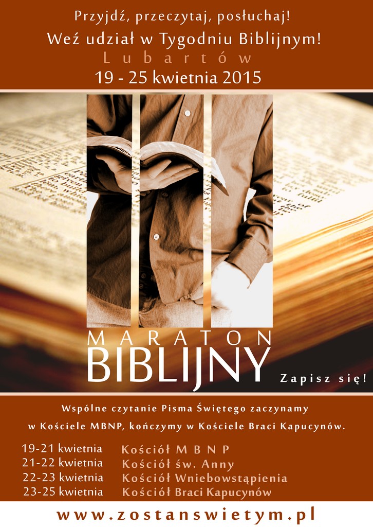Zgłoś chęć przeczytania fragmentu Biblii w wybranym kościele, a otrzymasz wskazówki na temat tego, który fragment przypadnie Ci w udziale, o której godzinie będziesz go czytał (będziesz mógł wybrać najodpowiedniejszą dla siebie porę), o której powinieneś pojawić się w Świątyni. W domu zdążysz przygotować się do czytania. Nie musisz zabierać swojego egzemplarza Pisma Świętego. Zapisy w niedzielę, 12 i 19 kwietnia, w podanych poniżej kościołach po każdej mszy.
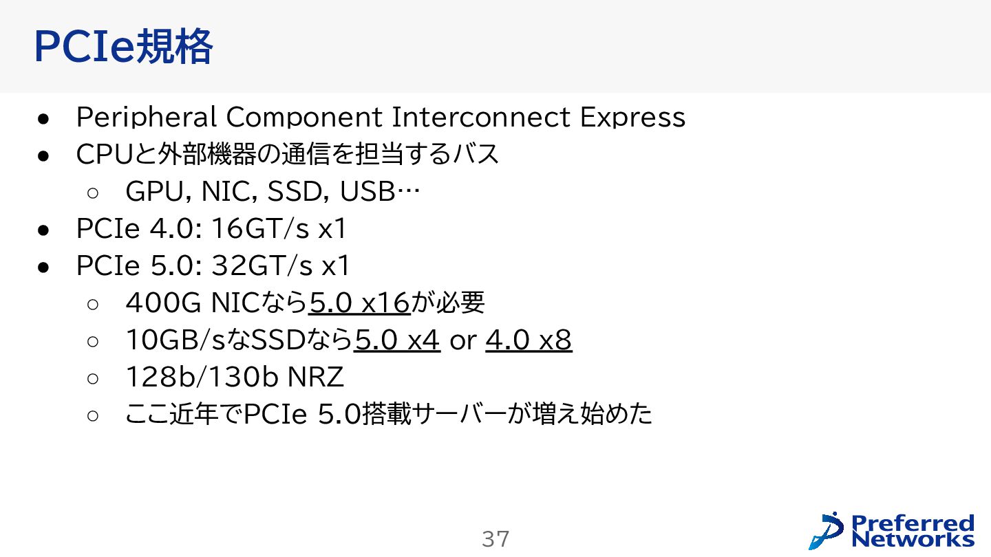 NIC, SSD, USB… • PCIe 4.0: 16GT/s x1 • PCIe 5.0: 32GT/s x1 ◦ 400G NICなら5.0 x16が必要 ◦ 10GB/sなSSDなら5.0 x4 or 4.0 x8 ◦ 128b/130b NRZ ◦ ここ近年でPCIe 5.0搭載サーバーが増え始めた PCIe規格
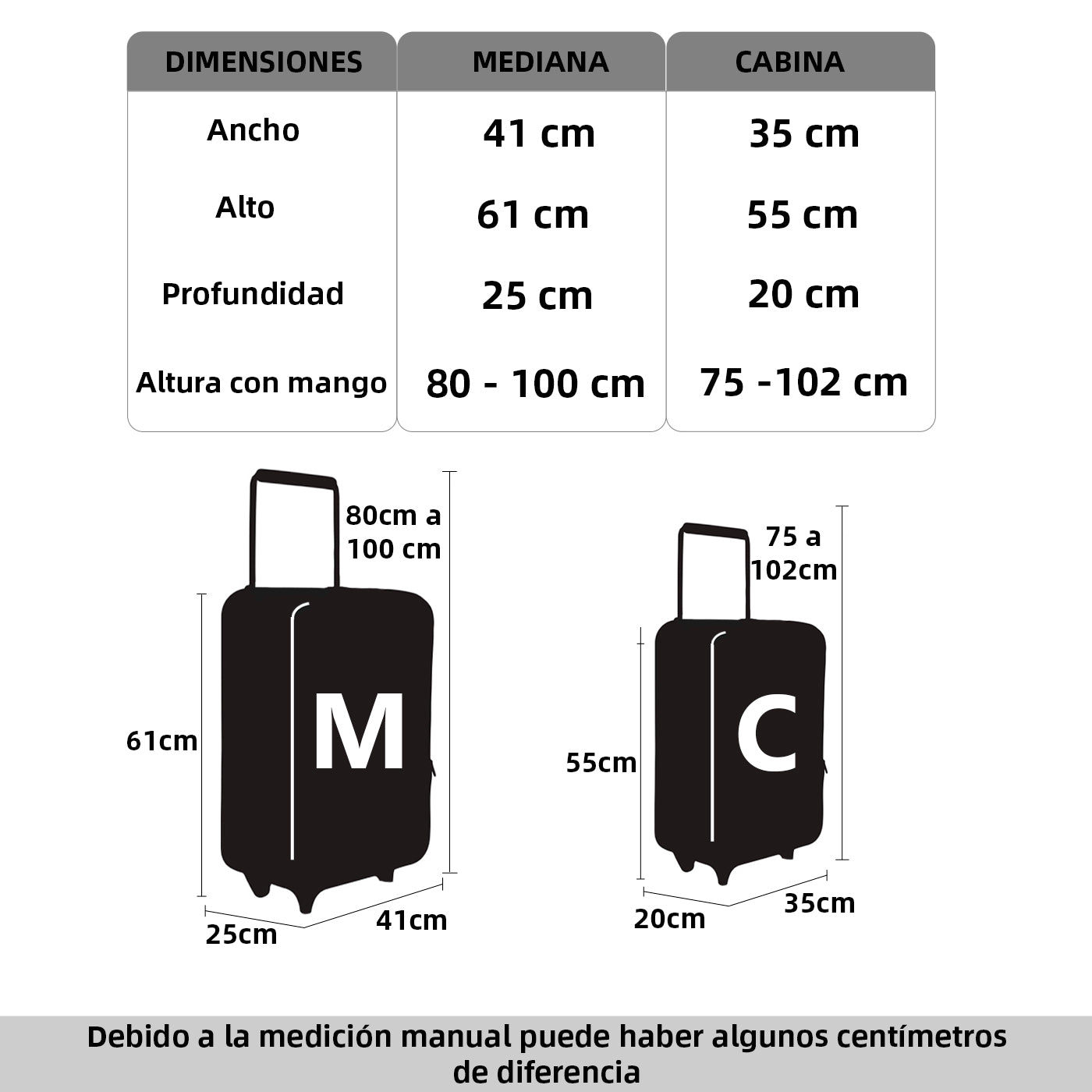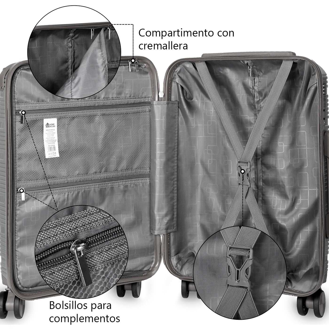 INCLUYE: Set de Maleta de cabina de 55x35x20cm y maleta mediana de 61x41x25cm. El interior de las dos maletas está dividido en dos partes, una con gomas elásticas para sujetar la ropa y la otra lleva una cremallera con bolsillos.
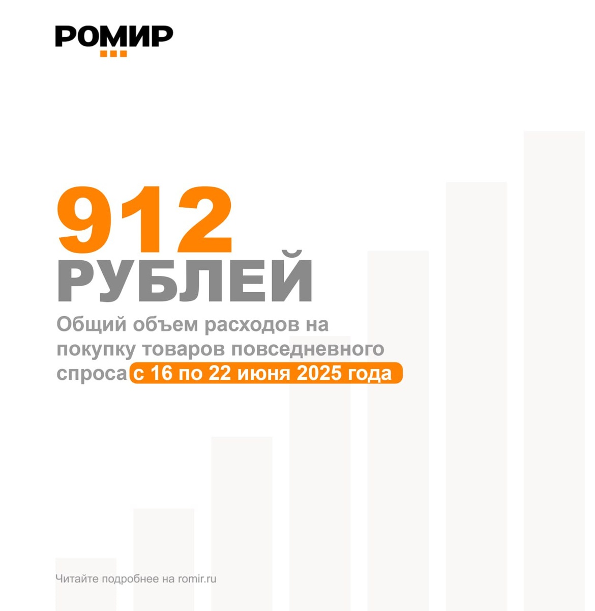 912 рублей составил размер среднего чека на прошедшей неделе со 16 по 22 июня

TASK DIRECTIONS:
Please retype the material above exactly, and omit its images.

EXERCISE SOLUTION:
Zgłoś chęć przeczytania fragmentu Biblii w wybranym kościele, a otrzymasz wskazówki na temat tego, który fragment przypadnie Ci w udziale, o której godzinie będziesz go czytał (będziesz mógł wybrać najodpowiedniejszą dla siebie porę), o której powinieneś pojawić się w Świątyni. W domu zdążysz przygotować się do czytania. Nie musisz zabierać swojego egzemplarza Pisma Świętego. Zapisy w niedzielę, 12 i 19 kwietnia, w podanych poniżej kościołach po każdej mszy.
 NIC, SSD, USB… • PCIe 4.0: 16GT/s x1 • PCIe 5.0: 32GT/s x1 ◦ 400G NICなら5.0 x16が必要 ◦ 10GB/sなSSDなら5.0 x4 or 4.0 x8 ◦ 128b/130b NRZ ◦ ここ近年でPCIe 5.0搭載サーバーが増え始めた PCIe規格
 INCLUYE: Set de Maleta de cabina de 55x35x20cm y maleta mediana de 61x41x25cm. El interior de las dos maletas está dividido en dos partes, una con gomas elásticas para sujetar la ropa y la otra lleva una cremallera con bolsillos.
 912 рублей составил размер среднего чека на прошедшей неделе со 16 по 22 июня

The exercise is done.